There used to be a time when all I ever want was to change the world. I know that sounds superficial, not to mention impossible, but it was a long-ago dream I hope to find again soon.

I believe I’m at the crossroads of my life these days. I don’t hate my job but I’m getting tired of it. I have always hated routine works. And my job is certainly one. I do get special assignments / reports from time to time and that gets my blood fueled for writing again but the yearning to make a change is lost.

I remember how my college professors would always instill in us the value of “advocacy.” During the times I was pretty down about finding the right job for myself, the only thing that held me from accepting a call center agent position (no offense meant) were those distant voices of my mentors in college. I don’t think I will ever dare look them in the eyes again if I ever succumbed to laziness and give up my dreams of true journalism.

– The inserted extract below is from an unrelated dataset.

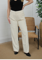 Made of a crepe suiting fabric, the Lottie is an effortless trouser pant silhouette designed for everyday wear. Features include side seam pockets, front pleats, and back waist darts for a perfectly tailored look.

But life happens, you know. I was too idealistic. My dream of “saving the world” has bitten the dust already. Or at least I think it did. Journalism is still a business, after all. Values and views are bought. If you can talk your way out of it, good. If not, pay up.

I have lost that faith in journalism. It won’t change a thing. The moral cancer of this society is planted way too deep for mere words to suddenly change. As what that old saying states: “Action speaks louder than words.”

I remember I promised I’ll donate to Worldvision once I get a job. I hate myself for procrastinating. I want to do it already. And I will… as soon as I find the freest time to drop by their office in Q.C.

What can P500 be to me if put side by side against a child’s education? P500 for a month. I won’t change the world but I can certainly change one life. That’s more than enough for me.